WHAT THE TASK ASKS: Restate word for word the lines below that run from the one holding "Berrylush Women Solid" through the one holding "在颁奖环节,与会领导嘉宾分别", inclusive. Pictures don't belong in the copy.

═══ AVAILABLE RECORDS ═══

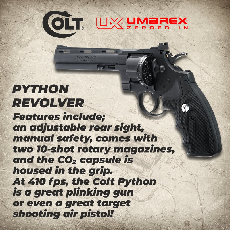 This CO2 BB revolver Air Pistol has a 6.875" barrel and textured grips with the Colt logo. This airgun is great to maintain air pistol proficiency without the cost or inconvenience of going to a range. Features include; an adjustable rear sight, manual safety, comes with two 10-shot rotary magazines, and the CO2 capsule is housed in the grip. At 410 fps, the Colt Python is a great plinking or target shooting air pistol!
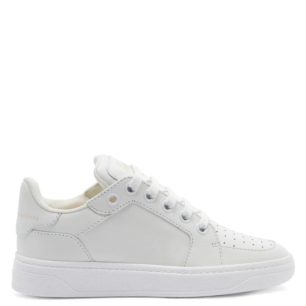 Product Details Low-top lace-up sneakers in leather with rubber sole. - Women's sneakers - White leather - Golden hot-stamped 'Signature' on label - Golden 'Logo Lettering' print on the back - White cotton laces and matching lacquered eyelets on the upper - White rubber sole with logo ORIGIN: ITALY COLOR: WHITE
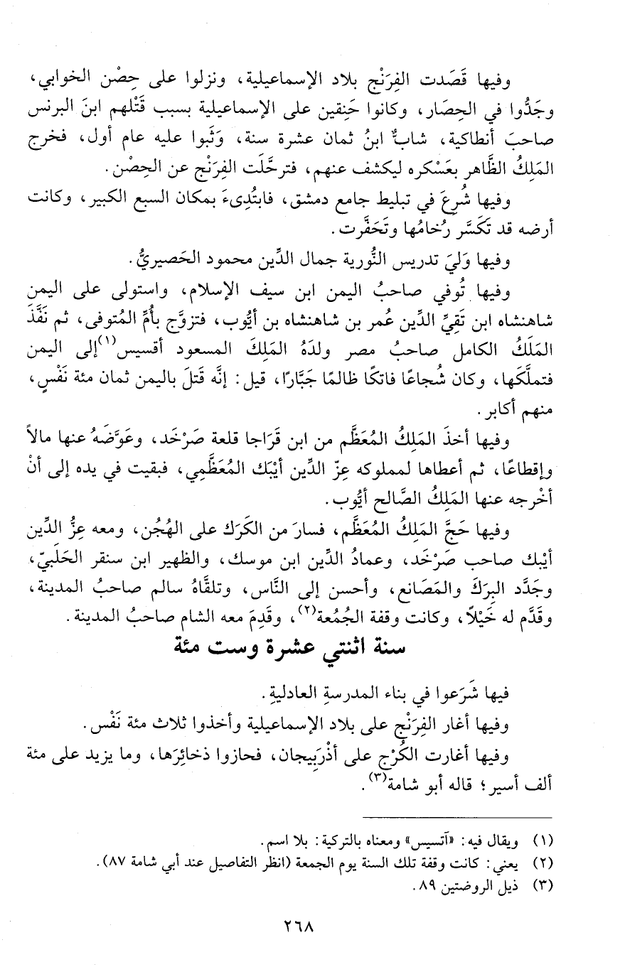 وفيها أغارت الكُرْج عَلَى أَذْرَبِيجَان، فحازوا ذخائِرَها، وما يزيد عَلَى مائة ألف أسير؛ قاله أبو شامة. -[269]-
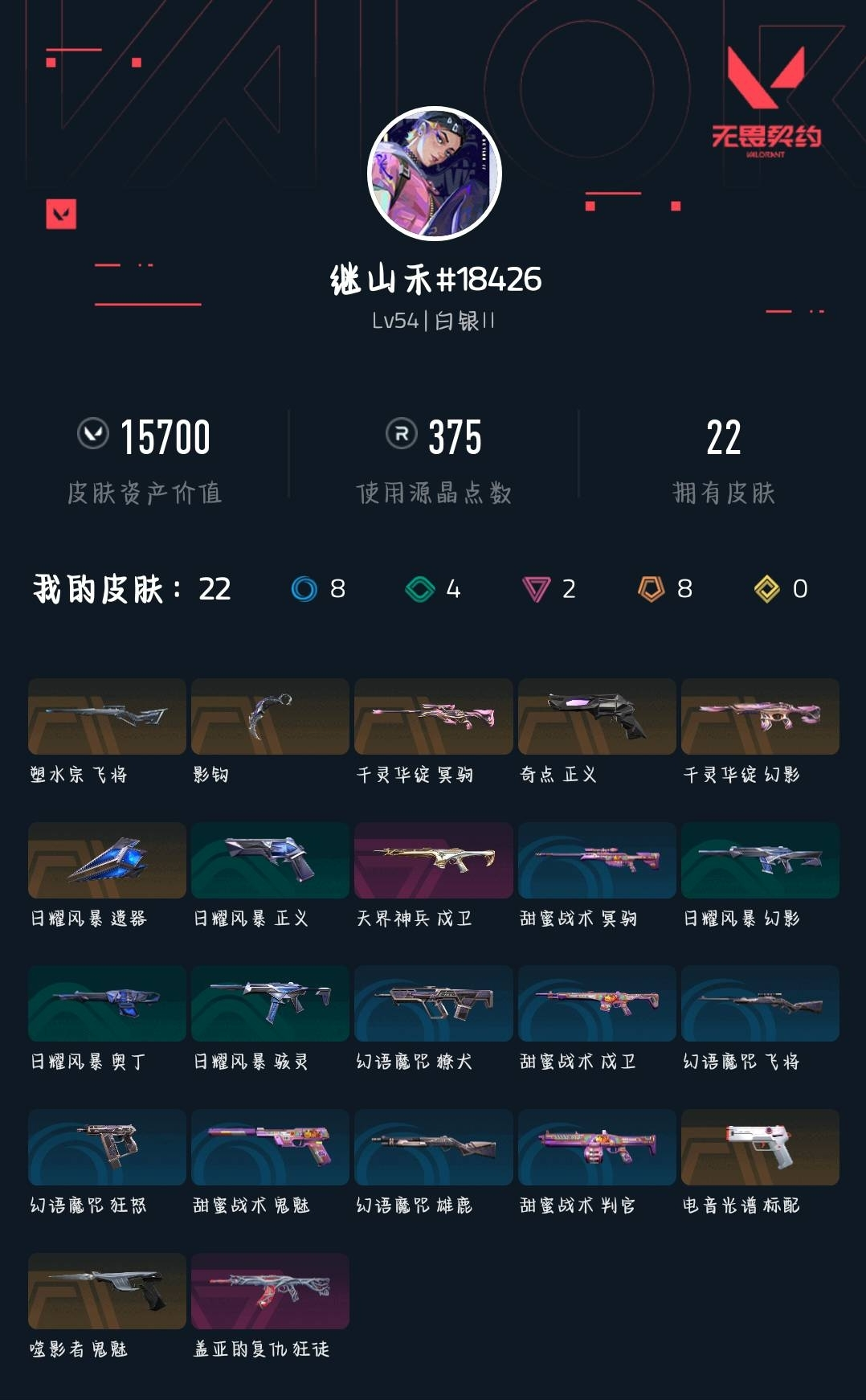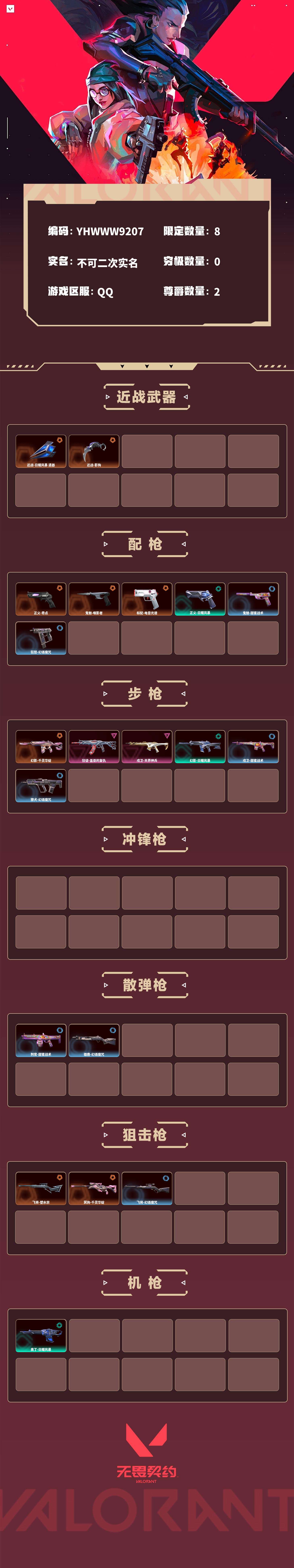 【无畏契约】【yhwww9207】等级:54,已用无畏点15700,已用源晶点375,橙皮:飞将-塑水宗|幻影-千灵华绽|冥驹-千灵华绽|正义-奇点|鬼魅-噬影者|标配-电音光谱|近战-日耀风暴 遗器|近战-影钩__紫皮:狂徒-盖亚的复仇|戍卫-天界神兵__段位:白银__绿皮:正义-日耀风暴|幻影-日耀风暴|奥丁-日耀风暴__蓝皮:鬼魅-甜蜜战术|判官-甜蜜战术|戍卫-甜蜜战术|雄鹿-幻语魔咒|獠犬-幻语魔咒|飞将-幻语魔咒|狂怒-幻语魔咒__英雄:黑梦|暮蝶|霓虹|幽影|炼狱|铁臂|贤者|猎枭|芮娜|捷风|不死鸟|幻棱|雷兹|禁灭
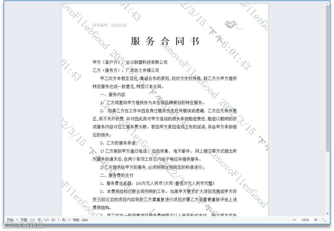 在线预览合同时,自动添加动态水印效果,其中水印是通过用户名和时间合成,防截屏防拷贝,保证合同内容不泄露。
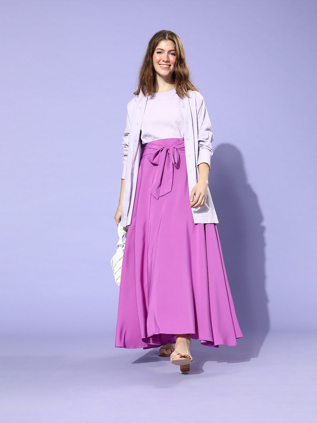 Berrylush Women Solid Purple Waist Tie-Ups Flared Maxi Skirt
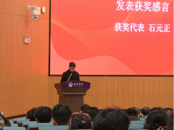 在颁奖环节,与会领导嘉宾分别为十项活动的获奖代表颁发证书并合影留念。“阅读之星”、数字经济与管理学院的石元正同学发表获奖感言,他分享自身对于阅读的思考见解,呼吁同学们把握韶华,享受阅读,敦品励学,饱读诗书,培育有理想、有担当、有涵养的青年气质。
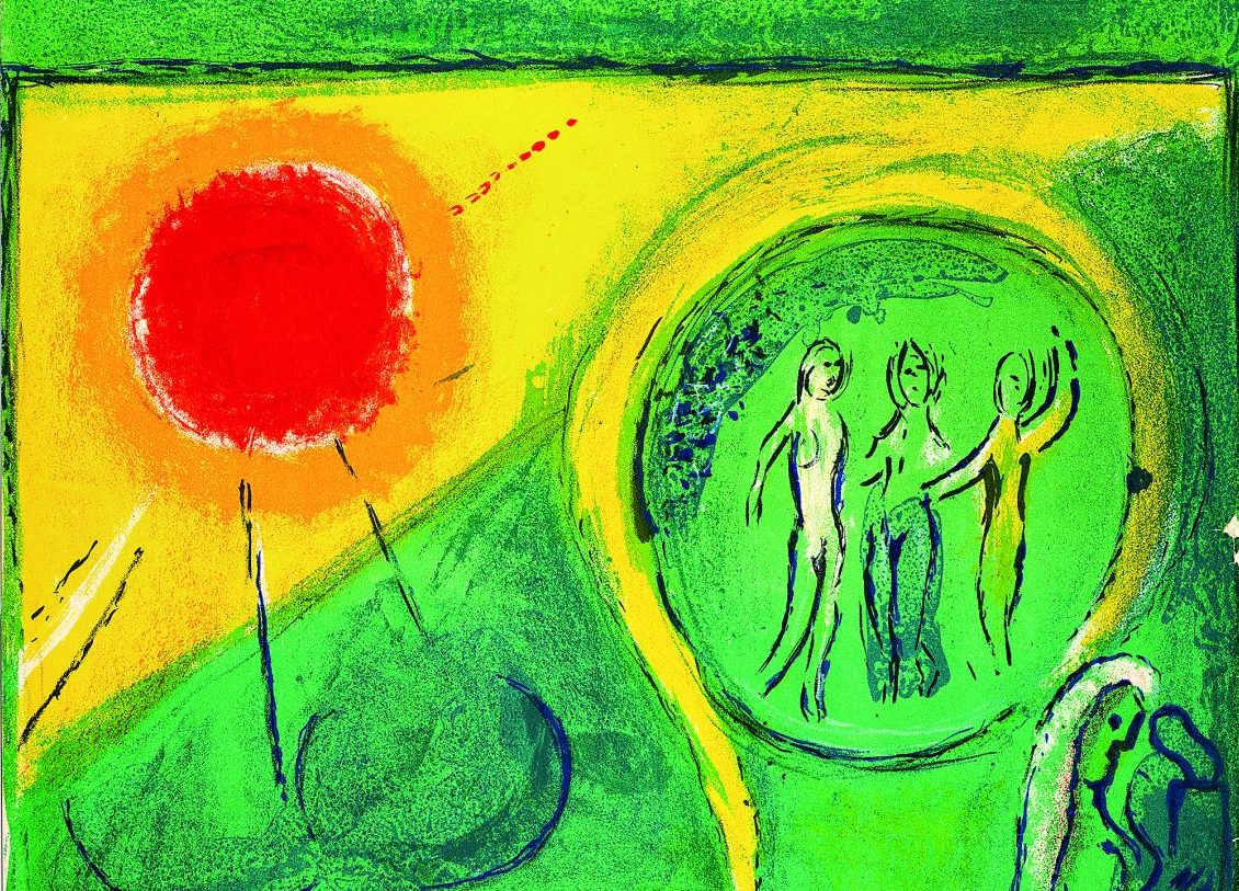 Ενας γαμπρός αιωρείται πάνω από τις στέγες, μια νύφη σκύβει τρυφερά προς το φως, ενώ ένας τεράστιος ήλιος, σαν μυστικό που αποκαλύπτεται μόνο σε όσους μπορούν να ονειρεύονται, κατακλύζει τον ορίζοντα. Εραστές πετούν, ζώα μιλούν, τα λουλούδια πολλαπλασιάζονται σε χρωματικές εκρήξεις. Η πραγματικότητα και το όνειρο δεν συγκρούονται αλλά απλώς συνυπάρχουν, αβίαστα, σαν να ήταν ανέκαθεν προορισμένα να συναντηθούν στη ζωγραφική του Μαρκ Σαγκάλ (1887-1985).

═══

OUTPUT OF THE TASK:
 Berrylush Women Solid Purple Waist Tie-Ups Flared Maxi Skirt
 在颁奖环节,与会领导嘉宾分别为十项活动的获奖代表颁发证书并合影留念。“阅读之星”、数字经济与管理学院的石元正同学发表获奖感言,他分享自身对于阅读的思考见解,呼吁同学们把握韶华,享受阅读,敦品励学,饱读诗书,培育有理想、有担当、有涵养的青年气质。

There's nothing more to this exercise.